One of the difficult balances for Christians is holy bridge building. Holiness is God’s demand that we are separate, distinctive and different to the world around us. Bridge building is our exercise of reaching out to others with the saving knowledge of Jesus Christ. To do either has its difficulties, but to do both at the same time is extraordinarily difficult. The easy and false way is to choose one or the other: to join the holy huddle or to become worldly.

The Bible is both world affirming and world denying. “God so loved the world that he gave his one and only Son” (John 3:16) is matched by “Do not love the world or the things of this world” (1 John 2:15). This tension can be resolved by arguing that God’s love for the world shows the extent of his grace, and that the things of this world we are not to love are limited to “the desires of the flesh, the desires of the eyes and the pride in possessions”. For the world is God’s good creation: “everything created by God is good, and nothing is to be rejected if it is received with thanksgiving” (1 Timothy 4:4) and it is the doctrine of demons to say otherwise. But just as we are to avoid the doctrine of the demons, we are also warned not to think as the nations of the world do: “you must no longer walk as the Gentiles do, in the futility of their minds. They are darkened in their understanding, alienated from the life of God because of the ignorance that is in them, due to their hardness of heart” (Ephesians 4:17-18).

One of the newer areas for Sydneysiders to work this balance out is the relationship with, and evangelisation of, our Muslim neighbours.

They claim that “There is only one God and Mohammed is his prophet.” while we claim that “There is only one God and Jesus is his Son”.  Clearly we are in disagreement about Mohammed and Jesus, for even though Muslims say they believe in Jesus as a prophet of God, they will not replace Mohammed with Jesus as the prophet nor would they call him God’s Son.

But can we build a bridge on the basis of believing in only one God?  Muslim preachers want to build the bridge there, claiming that we worship the same God, though they with clearer understanding since their prophet’s message is not distorted and is God’s final revelation to humanity. But do we worship the same God? Or do we worship a different God, even though we agree there is only one and he is the creator of all things. Is Yahweh Allah?

Would it be right, for example, to publish a special Muslim version of the Bible using ‘Allah’ instead of ‘God’? Arabic Christians and their Bibles use the word Allah to refer to God for the word Allah was the Arabic word for God long before Mohammed came on the scene. He did not introduce this word into Arabic as a revelation from God. It is the Arabic word for God or more precisely “the God”.  

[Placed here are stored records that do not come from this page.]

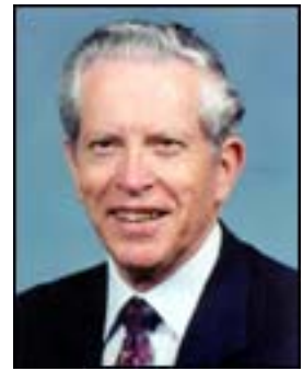
Sen. Lowen Kruse

local officials in the municipality where the license is sought.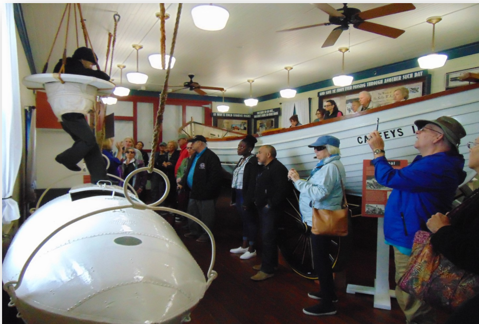
A tour group from the Harrison Group gets an orientation in the Boat Room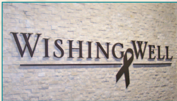
The entrance to the Wishing Well Cancer-Care Specialty Shop.

Wishing Well is open Monday through Friday, 9:00 am to 5:30 pm. For additional questions or to schedule an appointment, call 704.403.6330.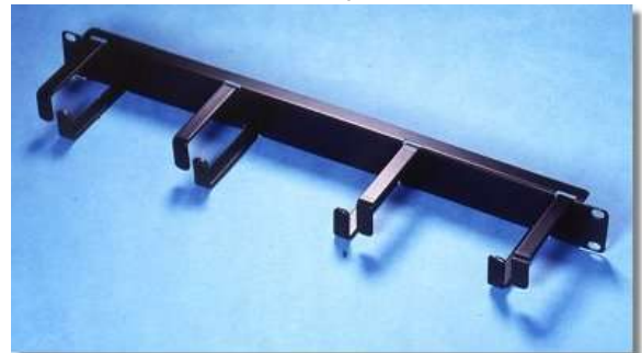
Heavy Duty Cable Management Panel

Allah is not technically a name, though if there is only one God and you address him by this word, over time it becomes his de facto name. It is like the Hebrew word for man: Adam. When there was only one man and he is spoken to as “man”, Adam becomes his name.

In Arabic Bibles, ‘Allah’ is the word to use for God, but what of building bridges to English speaking Muslims by using ‘Allah’ in an English Bible?  Here are a few of the problems in this bridge building exercise.

First, Allah is not an English word, so it is no longer an English translation.

Second, it is quite unnecessary, for even Muslims know the word ‘God’ and will say to us “There is only one God and Mohammed is his prophet” instead of “There is only one Allah and Mohammed is his prophet.

Third, there is the problem that though Islam claims to believe the Old Testament prophets, it doesn’t accept their revelation of God’s name as YHWH.  Islam has 99 names for Allah but YHWH is not one of them, even though the prophets use the name YHWH over 5000 times in the Old Testament.

Fourth, Allah has 99 names and at the same time no name, for he is not personal in the same way as YHWH. His names are his attributes and characteristics, but not his revealed person with whom we relate.

Fifth, the name Yahweh reveals God’s glorious mercy and justice in Exodus 34, which is completely different to Allah’s concept of mercy without justice.

Sixth, there is the problem that a Muslim invests into the word ‘Allah’ everything he believes about God – both the right (he is the creator) and the wrong (he has no Son). He also invests into this word his submission and his association with Mohammed. Putting ‘Allah’ into the English Bible will not help his understanding.

Seventh, Islam’s bridge to us is that we have the same God but we have a defective understanding. But it is not our bridge to them, for they do not have the same God. It is more than Allah is not a father – it is unmistakably and unambiguously revealed that Allah is neither begotten nor begetting. Allah did not and would not create anything in his image – that would be “shirk”. Jesus is the image of the invisible God and the Son of the Father. To deny the Son is to deny the Father (1 John 2:23).

We are created in God’s image and reborn as his children. Muslims at best are loved slaves of Allah but never sons of the Father God – because their God is different to ours.  Muslims don’t know Allah as YHWH.